SUPPLIED INFORMATION -
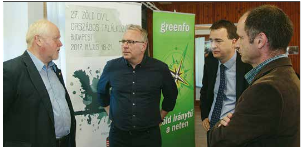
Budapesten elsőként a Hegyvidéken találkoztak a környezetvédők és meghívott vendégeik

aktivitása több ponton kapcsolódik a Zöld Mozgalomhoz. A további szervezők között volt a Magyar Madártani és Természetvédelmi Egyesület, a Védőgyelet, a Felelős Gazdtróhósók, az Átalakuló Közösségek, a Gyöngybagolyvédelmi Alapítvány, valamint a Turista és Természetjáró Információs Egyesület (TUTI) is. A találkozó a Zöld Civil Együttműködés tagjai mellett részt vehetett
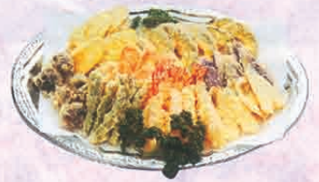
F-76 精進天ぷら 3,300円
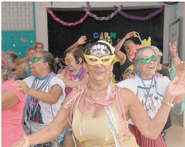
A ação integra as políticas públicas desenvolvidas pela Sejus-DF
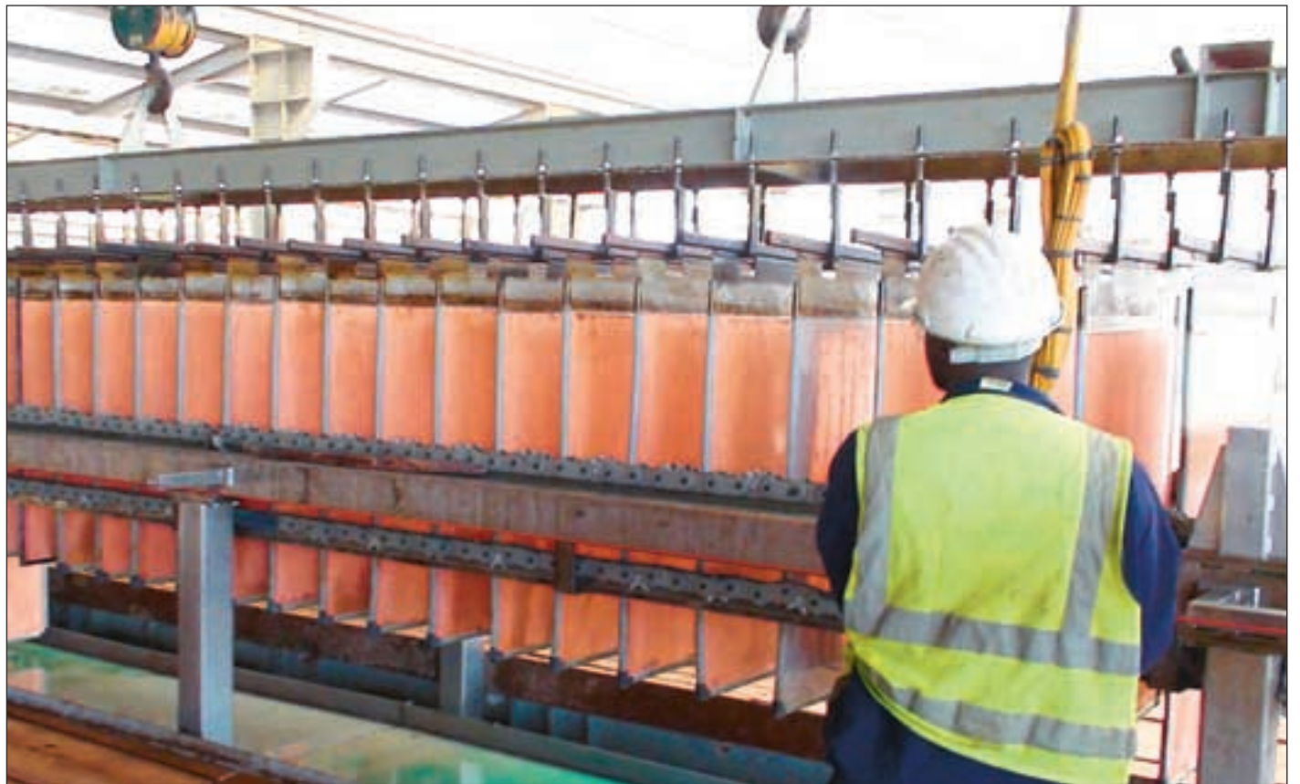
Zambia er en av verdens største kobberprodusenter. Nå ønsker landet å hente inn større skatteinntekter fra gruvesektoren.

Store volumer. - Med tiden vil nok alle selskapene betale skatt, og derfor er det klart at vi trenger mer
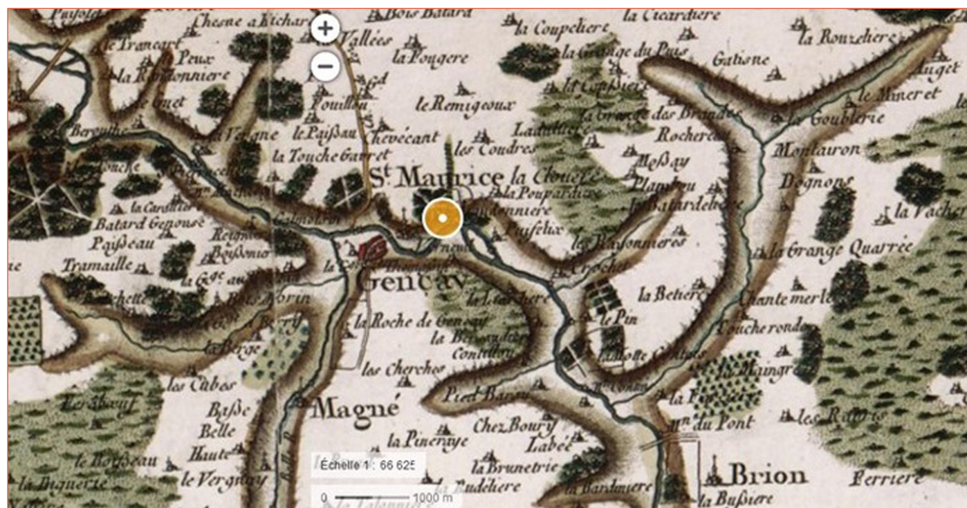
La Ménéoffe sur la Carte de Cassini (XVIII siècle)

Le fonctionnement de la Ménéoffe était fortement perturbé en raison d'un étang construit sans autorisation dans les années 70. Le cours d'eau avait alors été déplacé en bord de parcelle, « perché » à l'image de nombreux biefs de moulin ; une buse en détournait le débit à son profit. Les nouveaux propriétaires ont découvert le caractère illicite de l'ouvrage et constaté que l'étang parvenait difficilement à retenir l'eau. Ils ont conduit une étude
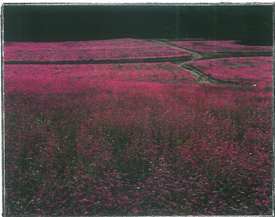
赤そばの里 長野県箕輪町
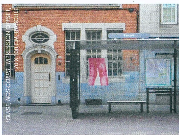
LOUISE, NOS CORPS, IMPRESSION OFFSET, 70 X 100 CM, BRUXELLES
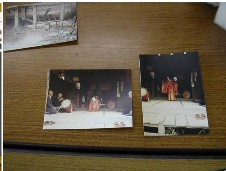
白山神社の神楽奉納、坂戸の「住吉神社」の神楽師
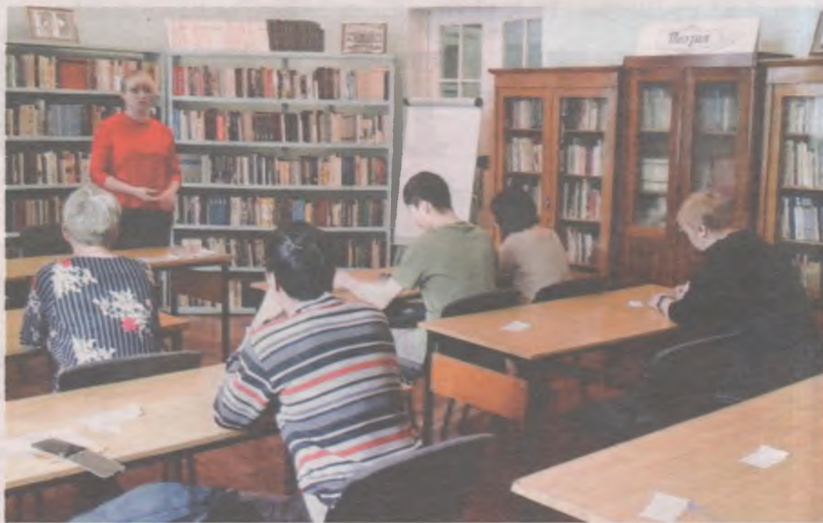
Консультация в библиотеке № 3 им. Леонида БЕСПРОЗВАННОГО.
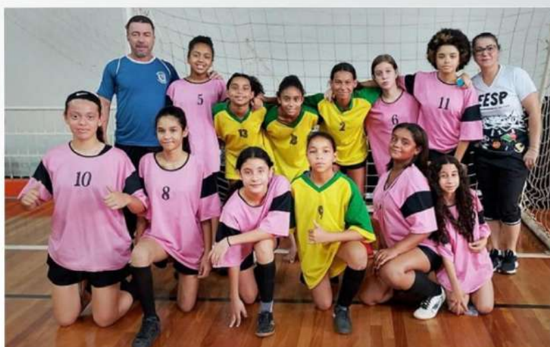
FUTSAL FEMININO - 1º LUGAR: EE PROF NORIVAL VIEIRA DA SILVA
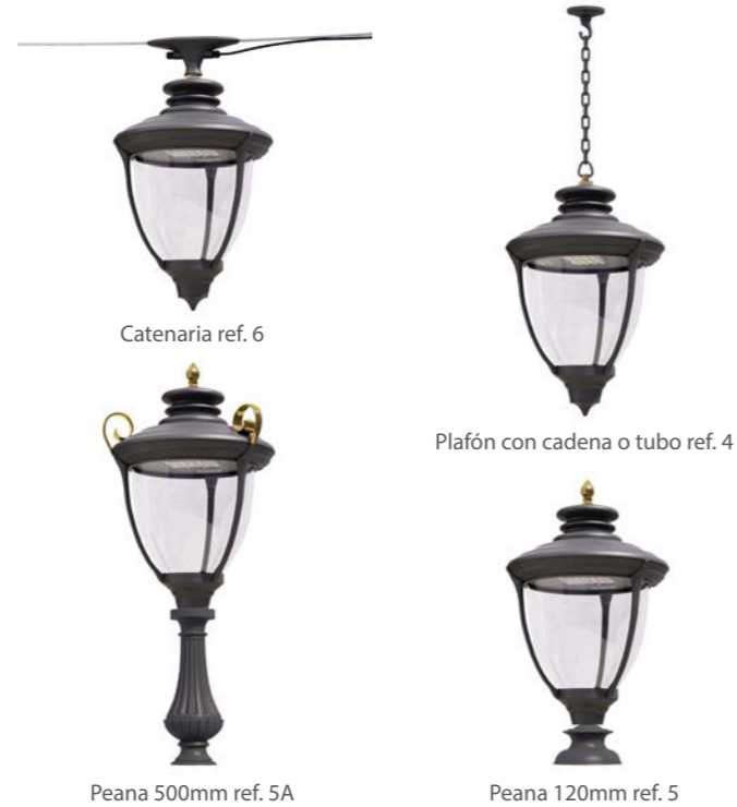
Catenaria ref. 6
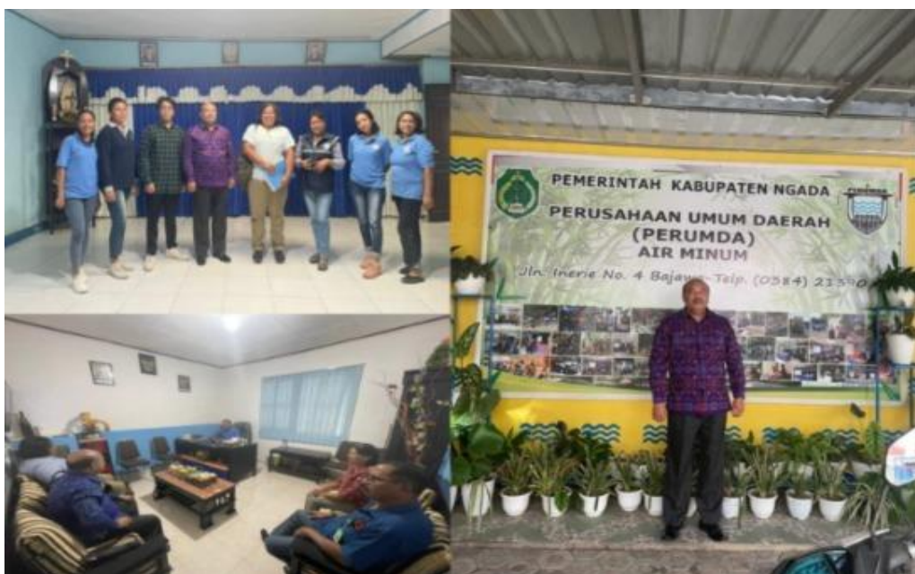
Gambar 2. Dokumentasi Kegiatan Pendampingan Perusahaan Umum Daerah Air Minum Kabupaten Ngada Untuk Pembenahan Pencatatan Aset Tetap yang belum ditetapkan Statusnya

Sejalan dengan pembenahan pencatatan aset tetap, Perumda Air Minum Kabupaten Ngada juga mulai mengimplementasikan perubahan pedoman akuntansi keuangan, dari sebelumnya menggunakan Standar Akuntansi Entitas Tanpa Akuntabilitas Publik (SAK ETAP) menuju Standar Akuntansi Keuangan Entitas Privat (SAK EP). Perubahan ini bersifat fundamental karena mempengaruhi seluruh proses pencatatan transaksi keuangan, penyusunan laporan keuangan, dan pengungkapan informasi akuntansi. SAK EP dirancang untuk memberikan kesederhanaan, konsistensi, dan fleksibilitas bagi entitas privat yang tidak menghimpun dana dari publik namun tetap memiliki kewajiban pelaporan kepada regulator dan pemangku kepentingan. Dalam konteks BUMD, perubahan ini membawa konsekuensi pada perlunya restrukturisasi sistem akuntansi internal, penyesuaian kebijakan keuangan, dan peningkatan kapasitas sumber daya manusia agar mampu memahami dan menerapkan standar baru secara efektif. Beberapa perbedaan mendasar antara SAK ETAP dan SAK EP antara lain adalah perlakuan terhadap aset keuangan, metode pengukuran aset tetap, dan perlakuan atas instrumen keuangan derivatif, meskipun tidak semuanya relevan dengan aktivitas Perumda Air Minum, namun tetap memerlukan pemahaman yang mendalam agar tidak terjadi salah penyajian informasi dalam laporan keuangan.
--
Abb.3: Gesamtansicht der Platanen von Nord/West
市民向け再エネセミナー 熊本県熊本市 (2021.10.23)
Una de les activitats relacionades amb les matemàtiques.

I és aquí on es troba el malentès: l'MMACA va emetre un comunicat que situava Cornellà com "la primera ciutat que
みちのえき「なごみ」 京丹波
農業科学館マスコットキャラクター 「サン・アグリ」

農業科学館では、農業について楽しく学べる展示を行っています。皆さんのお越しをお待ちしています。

TASK STATEMENT -
All lines in the listing above between the line with "農業科学館マスコットキャラクター 「サン・アグリ」" and the line with "農業科学館では、農業について", inclusive, should be set down exactly, and no line outside that range.

TASK RESULT -
農業科学館マスコットキャラクター 「サン・アグリ」

農業科学館では、農業について楽しく学べる展示を行っています。皆さんのお越しをお待ちしています。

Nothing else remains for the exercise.